[Material provided]

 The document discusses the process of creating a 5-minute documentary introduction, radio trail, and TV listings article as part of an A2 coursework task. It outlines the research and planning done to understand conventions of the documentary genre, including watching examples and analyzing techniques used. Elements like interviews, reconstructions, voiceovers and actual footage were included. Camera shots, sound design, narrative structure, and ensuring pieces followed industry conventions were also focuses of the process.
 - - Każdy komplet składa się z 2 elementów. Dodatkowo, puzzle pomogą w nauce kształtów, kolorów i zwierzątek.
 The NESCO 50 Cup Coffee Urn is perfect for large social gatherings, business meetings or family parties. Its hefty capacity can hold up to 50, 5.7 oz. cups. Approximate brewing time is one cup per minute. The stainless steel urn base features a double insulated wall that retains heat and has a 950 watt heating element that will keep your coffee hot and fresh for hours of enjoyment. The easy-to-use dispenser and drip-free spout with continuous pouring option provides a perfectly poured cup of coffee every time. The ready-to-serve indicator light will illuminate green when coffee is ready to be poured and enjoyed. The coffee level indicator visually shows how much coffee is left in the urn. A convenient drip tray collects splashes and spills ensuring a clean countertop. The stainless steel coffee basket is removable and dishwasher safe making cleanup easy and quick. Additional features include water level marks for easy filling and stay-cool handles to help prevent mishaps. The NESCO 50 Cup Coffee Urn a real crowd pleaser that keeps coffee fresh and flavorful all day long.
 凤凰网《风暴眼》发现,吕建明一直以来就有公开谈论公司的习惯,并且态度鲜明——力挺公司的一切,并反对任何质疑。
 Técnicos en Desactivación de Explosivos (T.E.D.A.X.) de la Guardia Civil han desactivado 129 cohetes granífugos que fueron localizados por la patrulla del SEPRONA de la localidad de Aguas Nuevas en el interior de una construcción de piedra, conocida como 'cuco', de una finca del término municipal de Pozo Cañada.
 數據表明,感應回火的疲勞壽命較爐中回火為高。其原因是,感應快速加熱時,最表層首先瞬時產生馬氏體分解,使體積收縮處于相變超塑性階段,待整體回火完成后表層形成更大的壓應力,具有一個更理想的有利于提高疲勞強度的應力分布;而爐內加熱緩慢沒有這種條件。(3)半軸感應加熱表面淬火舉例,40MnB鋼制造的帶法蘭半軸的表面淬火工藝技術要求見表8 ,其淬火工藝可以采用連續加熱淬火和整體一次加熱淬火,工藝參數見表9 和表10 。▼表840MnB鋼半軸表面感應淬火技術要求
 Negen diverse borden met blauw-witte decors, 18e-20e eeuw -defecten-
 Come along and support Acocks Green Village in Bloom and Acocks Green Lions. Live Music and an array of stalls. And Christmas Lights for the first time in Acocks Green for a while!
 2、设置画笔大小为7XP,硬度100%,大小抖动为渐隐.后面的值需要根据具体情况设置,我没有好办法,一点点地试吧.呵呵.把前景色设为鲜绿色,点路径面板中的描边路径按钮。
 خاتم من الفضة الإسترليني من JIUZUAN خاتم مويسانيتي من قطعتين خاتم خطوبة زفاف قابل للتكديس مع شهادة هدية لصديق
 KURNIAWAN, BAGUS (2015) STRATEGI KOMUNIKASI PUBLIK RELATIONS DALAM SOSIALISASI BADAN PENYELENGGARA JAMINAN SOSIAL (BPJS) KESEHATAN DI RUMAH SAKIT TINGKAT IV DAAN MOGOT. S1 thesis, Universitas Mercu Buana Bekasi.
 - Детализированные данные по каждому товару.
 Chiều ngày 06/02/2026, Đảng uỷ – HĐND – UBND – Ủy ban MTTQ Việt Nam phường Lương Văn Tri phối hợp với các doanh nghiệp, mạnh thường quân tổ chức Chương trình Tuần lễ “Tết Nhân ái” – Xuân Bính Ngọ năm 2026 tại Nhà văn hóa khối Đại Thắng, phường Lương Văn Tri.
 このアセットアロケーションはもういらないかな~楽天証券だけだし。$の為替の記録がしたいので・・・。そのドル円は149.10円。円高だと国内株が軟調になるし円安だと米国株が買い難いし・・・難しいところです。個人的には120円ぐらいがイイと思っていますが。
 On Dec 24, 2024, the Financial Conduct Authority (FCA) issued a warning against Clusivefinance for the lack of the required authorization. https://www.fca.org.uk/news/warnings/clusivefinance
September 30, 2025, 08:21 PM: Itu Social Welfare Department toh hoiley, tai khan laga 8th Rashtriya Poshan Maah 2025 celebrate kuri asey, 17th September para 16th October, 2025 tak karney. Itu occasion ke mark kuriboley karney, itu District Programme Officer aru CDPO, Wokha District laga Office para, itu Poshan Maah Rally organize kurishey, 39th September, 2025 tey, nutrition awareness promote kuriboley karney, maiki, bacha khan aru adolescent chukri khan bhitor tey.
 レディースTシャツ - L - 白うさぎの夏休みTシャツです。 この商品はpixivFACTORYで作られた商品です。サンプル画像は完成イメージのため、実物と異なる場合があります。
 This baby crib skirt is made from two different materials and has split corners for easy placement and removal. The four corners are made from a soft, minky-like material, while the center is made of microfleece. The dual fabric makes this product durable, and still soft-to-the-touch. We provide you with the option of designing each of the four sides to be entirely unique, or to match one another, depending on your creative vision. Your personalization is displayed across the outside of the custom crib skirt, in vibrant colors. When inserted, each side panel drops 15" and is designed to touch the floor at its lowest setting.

[/Material provided]

What needs to be done: Exactly as written, transcribe each line of the data.

Exercise solution:
 The document discusses the process of creating a 5-minute documentary introduction, radio trail, and TV listings article as part of an A2 coursework task. It outlines the research and planning done to understand conventions of the documentary genre, including watching examples and analyzing techniques used. Elements like interviews, reconstructions, voiceovers and actual footage were included. Camera shots, sound design, narrative structure, and ensuring pieces followed industry conventions were also focuses of the process.
 - - Każdy komplet składa się z 2 elementów. Dodatkowo, puzzle pomogą w nauce kształtów, kolorów i zwierzątek.
 The NESCO 50 Cup Coffee Urn is perfect for large social gatherings, business meetings or family parties. Its hefty capacity can hold up to 50, 5.7 oz. cups. Approximate brewing time is one cup per minute. The stainless steel urn base features a double insulated wall that retains heat and has a 950 watt heating element that will keep your coffee hot and fresh for hours of enjoyment. The easy-to-use dispenser and drip-free spout with continuous pouring option provides a perfectly poured cup of coffee every time. The ready-to-serve indicator light will illuminate green when coffee is ready to be poured and enjoyed. The coffee level indicator visually shows how much coffee is left in the urn. A convenient drip tray collects splashes and spills ensuring a clean countertop. The stainless steel coffee basket is removable and dishwasher safe making cleanup easy and quick. Additional features include water level marks for easy filling and stay-cool handles to help prevent mishaps. The NESCO 50 Cup Coffee Urn a real crowd pleaser that keeps coffee fresh and flavorful all day long.
 凤凰网《风暴眼》发现,吕建明一直以来就有公开谈论公司的习惯,并且态度鲜明——力挺公司的一切,并反对任何质疑。
 Técnicos en Desactivación de Explosivos (T.E.D.A.X.) de la Guardia Civil han desactivado 129 cohetes granífugos que fueron localizados por la patrulla del SEPRONA de la localidad de Aguas Nuevas en el interior de una construcción de piedra, conocida como 'cuco', de una finca del término municipal de Pozo Cañada.
 數據表明,感應回火的疲勞壽命較爐中回火為高。其原因是,感應快速加熱時,最表層首先瞬時產生馬氏體分解,使體積收縮處于相變超塑性階段,待整體回火完成后表層形成更大的壓應力,具有一個更理想的有利于提高疲勞強度的應力分布;而爐內加熱緩慢沒有這種條件。(3)半軸感應加熱表面淬火舉例,40MnB鋼制造的帶法蘭半軸的表面淬火工藝技術要求見表8 ,其淬火工藝可以采用連續加熱淬火和整體一次加熱淬火,工藝參數見表9 和表10 。▼表840MnB鋼半軸表面感應淬火技術要求
 Negen diverse borden met blauw-witte decors, 18e-20e eeuw -defecten-
 Come along and support Acocks Green Village in Bloom and Acocks Green Lions. Live Music and an array of stalls. And Christmas Lights for the first time in Acocks Green for a while!
 2、设置画笔大小为7XP,硬度100%,大小抖动为渐隐.后面的值需要根据具体情况设置,我没有好办法,一点点地试吧.呵呵.把前景色设为鲜绿色,点路径面板中的描边路径按钮。
 خاتم من الفضة الإسترليني من JIUZUAN خاتم مويسانيتي من قطعتين خاتم خطوبة زفاف قابل للتكديس مع شهادة هدية لصديق
 KURNIAWAN, BAGUS (2015) STRATEGI KOMUNIKASI PUBLIK RELATIONS DALAM SOSIALISASI BADAN PENYELENGGARA JAMINAN SOSIAL (BPJS) KESEHATAN DI RUMAH SAKIT TINGKAT IV DAAN MOGOT. S1 thesis, Universitas Mercu Buana Bekasi.
 - Детализированные данные по каждому товару.
 Chiều ngày 06/02/2026, Đảng uỷ – HĐND – UBND – Ủy ban MTTQ Việt Nam phường Lương Văn Tri phối hợp với các doanh nghiệp, mạnh thường quân tổ chức Chương trình Tuần lễ “Tết Nhân ái” – Xuân Bính Ngọ năm 2026 tại Nhà văn hóa khối Đại Thắng, phường Lương Văn Tri.
 このアセットアロケーションはもういらないかな~楽天証券だけだし。$の為替の記録がしたいので・・・。そのドル円は149.10円。円高だと国内株が軟調になるし円安だと米国株が買い難いし・・・難しいところです。個人的には120円ぐらいがイイと思っていますが。
 On Dec 24, 2024, the Financial Conduct Authority (FCA) issued a warning against Clusivefinance for the lack of the required authorization. https://www.fca.org.uk/news/warnings/clusivefinance
September 30, 2025, 08:21 PM: Itu Social Welfare Department toh hoiley, tai khan laga 8th Rashtriya Poshan Maah 2025 celebrate kuri asey, 17th September para 16th October, 2025 tak karney. Itu occasion ke mark kuriboley karney, itu District Programme Officer aru CDPO, Wokha District laga Office para, itu Poshan Maah Rally organize kurishey, 39th September, 2025 tey, nutrition awareness promote kuriboley karney, maiki, bacha khan aru adolescent chukri khan bhitor tey.
 レディースTシャツ - L - 白うさぎの夏休みTシャツです。 この商品はpixivFACTORYで作られた商品です。サンプル画像は完成イメージのため、実物と異なる場合があります。
 This baby crib skirt is made from two different materials and has split corners for easy placement and removal. The four corners are made from a soft, minky-like material, while the center is made of microfleece. The dual fabric makes this product durable, and still soft-to-the-touch. We provide you with the option of designing each of the four sides to be entirely unique, or to match one another, depending on your creative vision. Your personalization is displayed across the outside of the custom crib skirt, in vibrant colors. When inserted, each side panel drops 15" and is designed to touch the floor at its lowest setting.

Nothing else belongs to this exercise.